To find the cost of 1 full bag of chocolates, let's first assign variables to represent the unknowns.
Let's say:
- The cost of 1 full bag of chocolates is x dollars.
- The cost of 1 full bag of gummy bears is y dollars.
We are given the following information:
- Monisha bought 2 full bags of chocolates, so the total cost of the chocolate bags is 2x dollars.
- Monisha bought 3 full bags of gummy bears, so the total cost of the gummy bear bags is 3y dollars.
- The total cost of the chocolates and gummy bears is $23.50, so we can write the equation:
2x + 3y = 23.50 -- Equation 1
We are also given the information that 3/4 of a bag of chocolates costs as much as 5/6 of a bag of gummy bears.
Let's convert these fractions into decimals:
- 3/4 = 0.75
- 5/6 = 0.83 recurring (rounded to two decimal places)
We can set up another equation based on this information:
0.75x = 0.83y -- Equation 2
Now we have a system of two equations (Equation 1 and Equation 2) that we can solve simultaneously to find the values of x and y.

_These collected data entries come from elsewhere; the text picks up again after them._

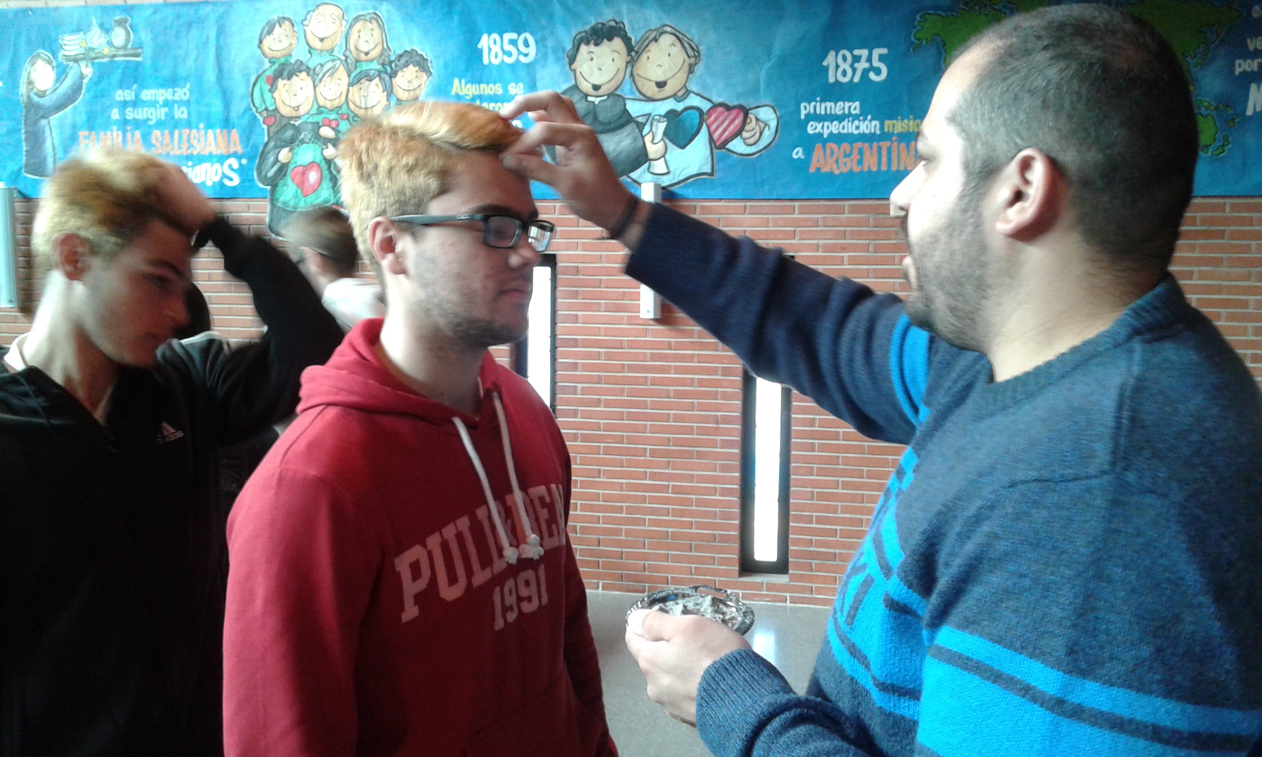 Alumnos de la ESO y Bachillerato de Salesianos participaron en la imposición de la ceniza en el centro educativo.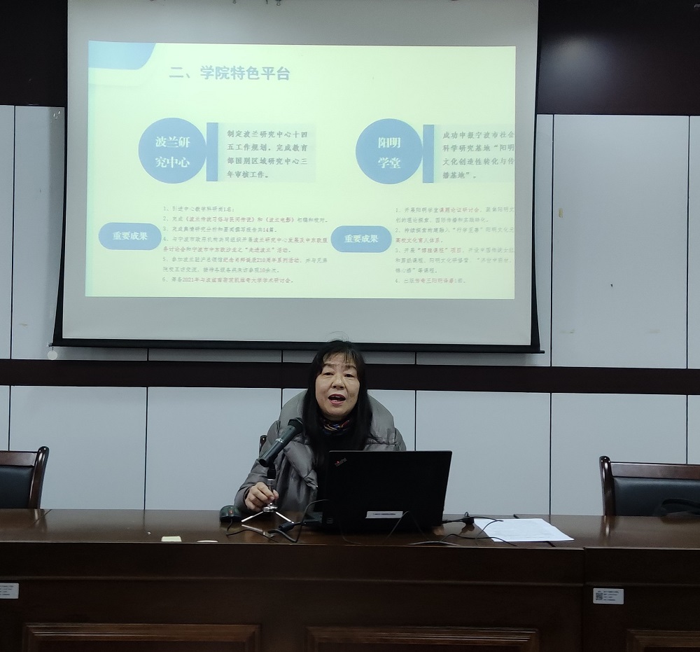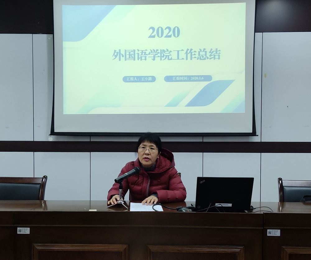 学院院长王小潞代表学院班子做工作总结,她以廉政和班子建设、学院特色工作、业绩与创新三块内容,详细阐述了2020年度外国语学院在政治素养、教学、科研、师资队伍建设、平台合作、学生工作、招生就业等方面的工作成效。同时也对本年度存在的问题和不足进行反思,并提出改进设想。她表示,希望全体教职工在2021年能够继续齐心协力,共同推进学院各项工作的高效快速发展。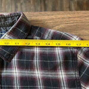 Casual button-down shirt with a plaid pattern. Features a chest pocket and long sleeves. Ideal for everyday wear. *Button chipped but has extra buttons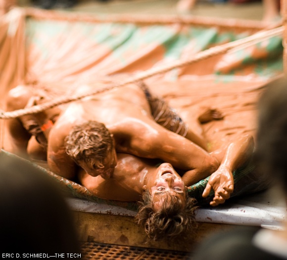 Erik D. Fogg G mud-wrestles Terral R. Jordan ’07 after the ignition of the roast pit during Senior House’s annual Steer Roast party on May 1.

To solve the system of equations, we can use the method of substitution. Rearrange Equation 2 to solve for x:
x = (0.83y)/0.75
Substitute this expression for x in Equation 1:
2((0.83y)/0.75) + 3y = 23.50
Now we can solve for y:
(1.66y/0.75) + 3y = 23.50
1.66y + 2.25y = 23.50 * 0.75
3.91y = 17.635
y = 17.635 / 3.91
y ≈ 4.50
Now substitute the value of y back into Equation 2 to find x:
0.75x = 0.83(4.50)
0.75x = 3.735
x = 3.735 / 0.75
x ≈ 4.98
Therefore, the cost of 1 full bag of chocolates is approximately $4.98.